Revenue from national sources rose by 4.9 percent, due to built-in increases in the national TV package. Local revenue grew by a scant 0.8 percent. A 7-9 record - the team's first losing season since 2008 - hurt the bottom line.
"This is the first year since 2008 that we were not in the playoffs, and I think that had an impact on us," Murphy said. "We didn't have a home playoff game and some of our visitation numbers were down a little bit. We don't see that as a negative trend."
The Packers made several big changes during the offseason. Murphy picked Brian Gutekunst to replace longtime general manager Ted Thompson, and coach Mike McCarthy replaced defensive coordinator Dom Capers with Mike Pettine and offensive coordinator Edgar Bennett with Joe Philbin.
Plus, quarterback Aaron Rodgers will be back after missing half of last season with a broken collarbone. Murphy said he senses a renewed level of enthusiasm from fans, with the team kicking off its 100th season with the start of training camp on July 26.
"Certainly, having Aaron healthy is a part of that, but I think some of the changes we've made coaching staff as well as the draft and players we've added, I think people are excited for the season," Murphy said. "You add on top of that the 100 seasons, it should, knock on wood, be a good year."

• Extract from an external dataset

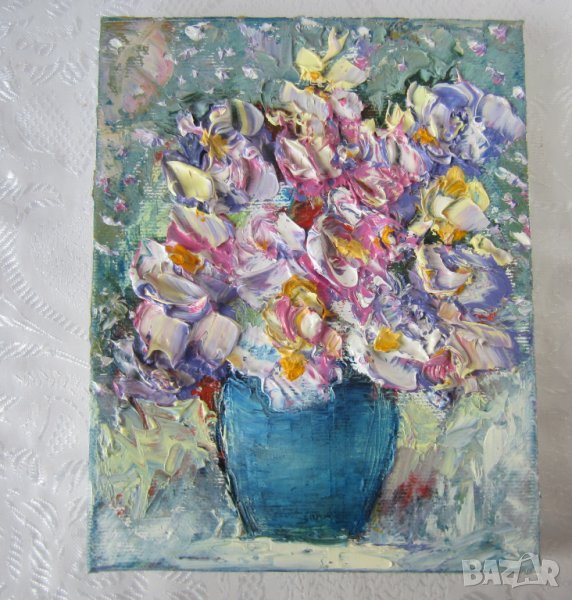 Цветя в синя ваза масло / платно Art by MiMa картина kartina, oil on canvas painting → Обява 25271904

Rodgers, who is under contract through the 2019 season, told NBC Sports over the weekend there is "some merit" in working out a "nontraditional contractual agreement." Murphy wouldn't get into specifics but said: "Obviously, he's an important player. He wants to be here and want him to be here. When both sides have a common interest, you get deals done."
In May, league owners agreed to a policy that requires players to stand if they are on the field for the national anthem but allows them to stay in the locker room if they prefer. The NFL Players Association last week filed a grievance against the league for imposing a policy that is "inconsistent" with the collective bargaining agreement and "infringes" on player rights. Murphy said he was hopeful of a resolution.
"I've had a lot of conversations with our players," he said. "We really want to put the focus on the underlying issues and we realize our players are patriotic, they don't disrespect the flag, they don't disrespect the country. We're really looking at the underlying issues of racial discrimination, police brutality. We've had discussions with players about putting resources toward some of the causes."
Murphy said he also hopes the CBA, which will expire after the 2020 season, can be extended. He said the NFL doesn't have the guaranteed money seen in NBA contracts, though "over the last 10 years or so, a higher percentage of the players' money is guaranteed."
"To me, the best thing about our collective bargaining agreement is the rookie pay is under control. We've got a system in place that I think is working well. More of the money is going to the veterans, who deserve it and have earned it. There were times under the old agreement that the highest paid players in the league were rookies at their positions, which was crazy."